BY CONRAD EVARTS // APRIL 9 2019
What’s not to love about spring bear hunting? It gets the winter crust off you, it massively extends one’s annual hunting time, they can be good food and a great trophy.
What’s not to love? Ask Timothy Treadwell. Getting your head crushed by a bear’s jaws is not to love. I’ve made eye contact with a few grizzly bears and a number of black bears. Except the cubs, every one of them was stronger than me and had the advantage in the claws and teeth departments. In Montana, we can’t bait. We have to meet them on their turf and terms and this usually means at eye level. The best time to hunt them here is dusk and like any game species the farther you go back away from roads, the better your odds become.
This all adds up to the worst night’s sleep you’ll ever have. You sit on a park deep in the woods. You watch bears until dark. Then you walk a few hundred yards to your spike camp where presumably lie for 6 hours in raw terror in a mummy bag. Each time you go to drain off some adrenaline on a nearby tree the zipper jams at least twice reminding you that if a bear does come calling your going to die trying to unjam a sleeping bag zipper.

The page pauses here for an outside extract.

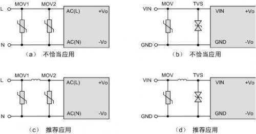 電源模塊體積小,在EMC要求比較高的場合,需要增加額外的浪涌防護電路,以提升系統(tǒng)EMC性能。如圖1所示,為提高輸入級的浪涌防護能力,在外圍增加了壓敏電阻和TVS管。但圖中的電路(a)、(b)原目的是想實現(xiàn)兩級防護,但可能適得其反。如果(a)中MOV2的壓敏電壓和通流能力比MOV1低,在強干擾場合,MOV2可能無法承受浪涌沖擊而提前損壞,導(dǎo)致整個系統(tǒng)癱瘓。同樣的,電路(b),由于TVS響應(yīng)速度比MOV快,往往是MOV未起作用,而TVS過早損壞。

The photo shows how I hacked this problem. I stuff a down parka, down gloves, down long johns and down booties in my sleeping bag compression sack and ditch the sleeping bag of doom. I use a hammock instead of a tent and if it rains, I hang a tarp. This means I can see what’s lurking in the brush and don’t turn chipmunks into grizzly bears in my imagination. It also means that I can grab my bear spray if a bear starts sniffing around nearby.
Of course, I practice all the other bear aware strategies like hanging a perimeter string with bells on it and keeping my food away from my sleeping area. All this being the case, no man has ever slept better than me upon returning to my bedroom after a stretch of nights in bear country.